Suppose we are given the unconstrained poblem

$$ {\rm minimize} ~ f(x, R) \~ {\rm w.r.t} ~ x $$

Define $x(R)$$ as the solution corresponding to $R$, then this function can be defined implicitly by

$$ 0 = \partial_x f[ x(R), R] $$

because the derivative is zero at an unconstrained optimum.

The problem here is computing the derivatives of x(R) w.r.t. R. I suggest you see https://www.seanet.com/~bradbell/newton_step.htm

[a-jp]

Looks like you're missing double-$ at the end of the line?

Many thanks for this, that's going to take some time to digest. I should have added, and omitted because I was unaware of where this was going, that my problem is a constrained optimisation problem (equality and inequality).

Can I ask another question, which is related as it came up setting up the finite difference version of this, which I should add seems to work and produces answers that are reported elsewhere for my problem. Using my nomenclature above, I am doing:

$$ \frac{\partial}{\partial R} B \approx \frac{ Func(x, R+eps) - Func(x, R) }{eps} $$

To get this to work using as a starting point this example and since I need to call the optimiser twice per derivative that I need, and I need those derivatives at a lot of Rs, I moved a lot of the code as possible to a one-off set up function, and then call the minimum amount when I need the derivative.
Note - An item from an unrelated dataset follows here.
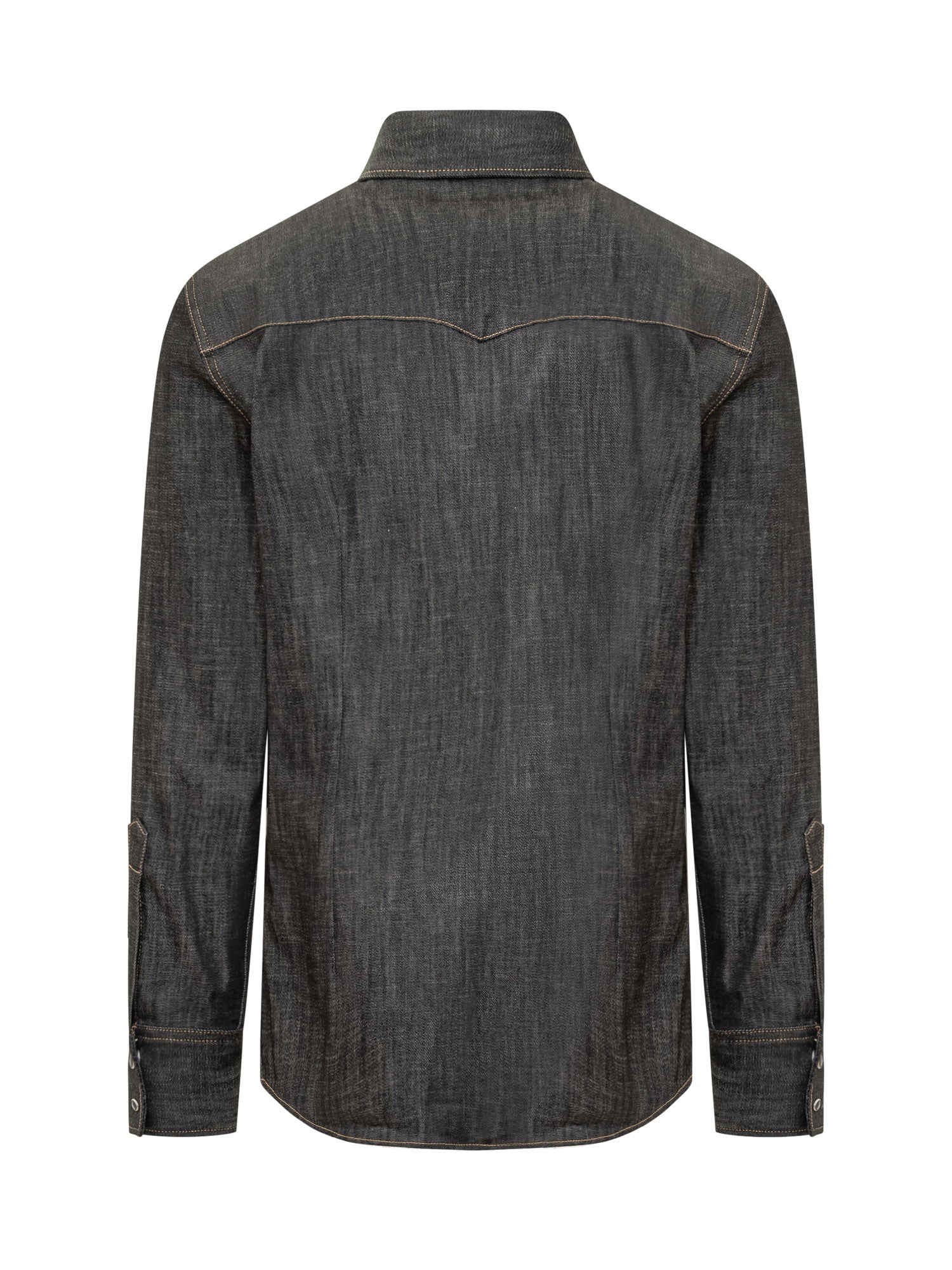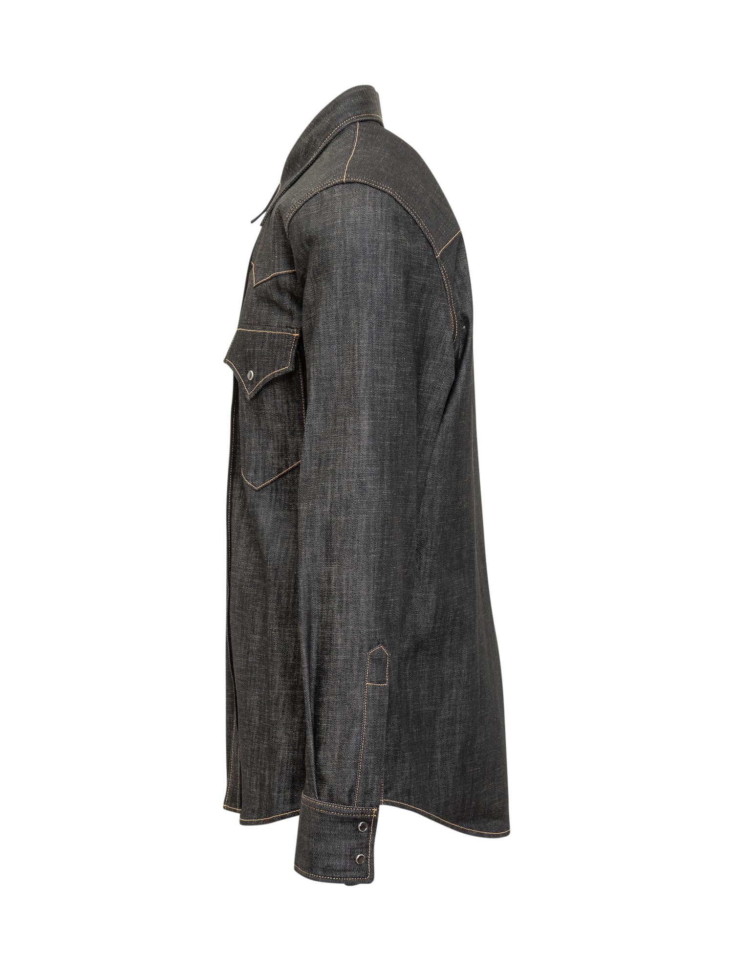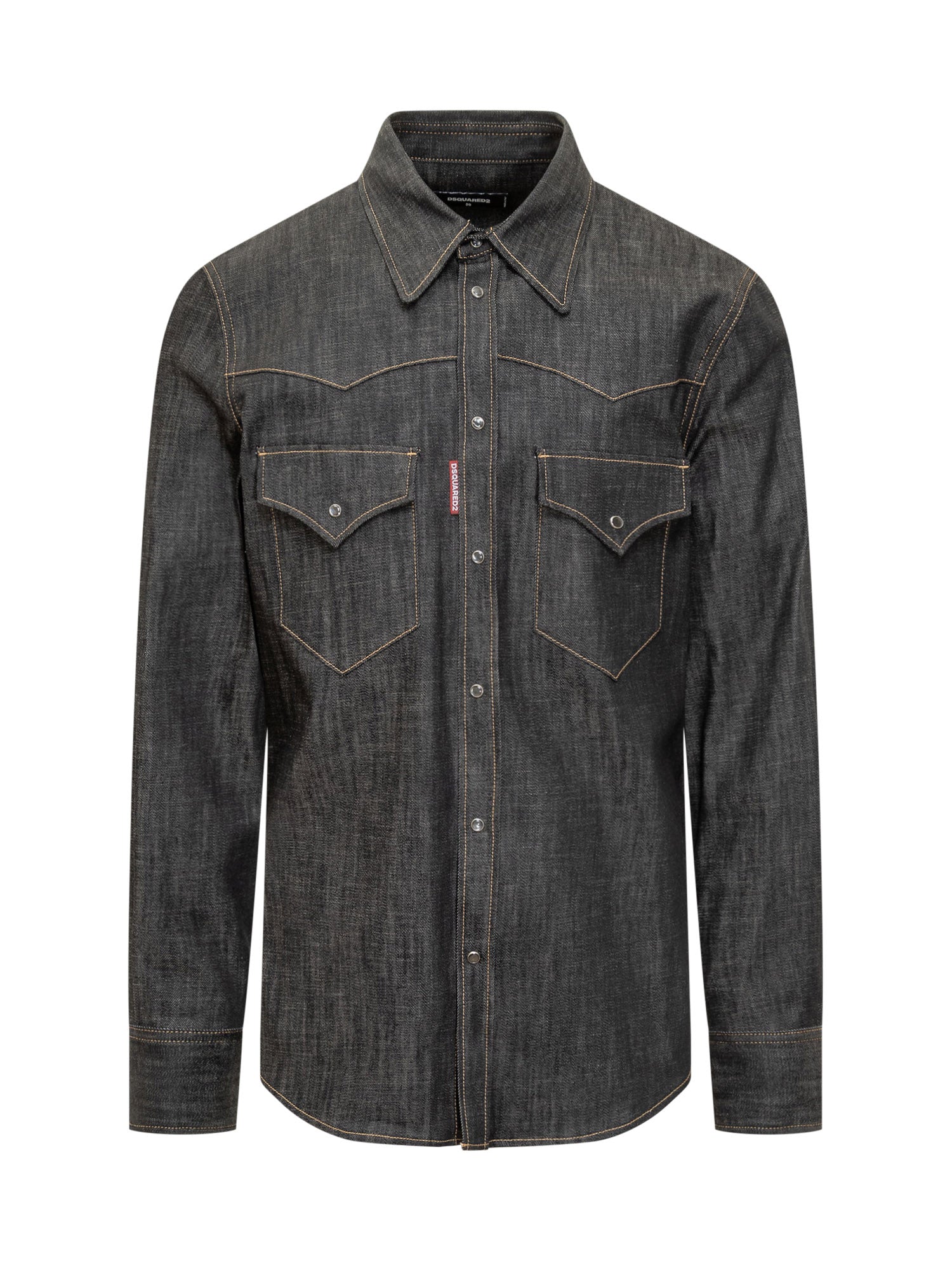 Camicia western Dsquared2 in denim scuro con cuciture a contrasto. Due tasche con patta e bottoni a pressione.

Ideally no construction and destruction of the big objects, was my aim. I found two thing out:

• To vary R which I must do, not only for perturbing by eps (~1.0e-08), and for different R's, I need to ensure retape = true because within the functions that get called in the optimiser I do things like if R < R_1. I believe the way to fix this is to use CondExpLt, which I'm working on to fix. Am I correct?
• This second one confused me. I do initialise x_i to a guess, as required. I then as per the above reasoning, do a lot of one-off set up. Outside of computing derivatives and just normal optimisation calls, I've found previously with my python implementation using ipopt, that I do sometimes need to make a better initial guess. There is also a use case for a better initial guess after setup in the above partial derivative, since the result of the first optimiser call can be used as the initial guess for the second call, to reduce the number of iteration in ipopt. I've found, that once the Ipopt::TNLP object is constructed, no further changes to the initial values of x_i can be made use of. The values used for x_i are the values used on construction of Ipopt::TNLP. Have I figured that out correctly? Is that integral to how it works, or something that can be changed?

Many thanks,

[bradbell]

• To vary R which I must do, not only for perturbing by eps (~1.0e-08), and for different R's, I need to ensure retape = true because within the functions that get called in the optimiser I do things like if R < R_1. I believe the way to fix this is to use CondExpLt, which I'm working on to fix. Am I correct?

Yes

[bradbell]

• This second one confused me. I do initialise x_i to a guess, as required. I then as per the above reasoning, do a lot of one-off set up. Outside of computing derivatives and just normal optimisation calls, I've found previously with my python implementation using ipopt, that I do sometimes need to make a better initial guess. There is also a use case for a better initial guess after setup in the above partial derivative, since the result of the first optimiser call can be used as the initial guess for the second call, to reduce the number of iteration in ipopt. I've found, that once the Ipopt::TNLP object is constructed, no further changes to the initial values of x_i can be made use of. The values used for x_i are the values used on construction of Ipopt::TNLP. Have I figured that out correctly? Is that integral to how it works, or something that can be changed?

Are you using ipopt_solve for your optimization ? https://coin-or.github.io/CppAD/doc/ipopt_solve.htm

[bradbell]

I am going to move this issue to a discussion.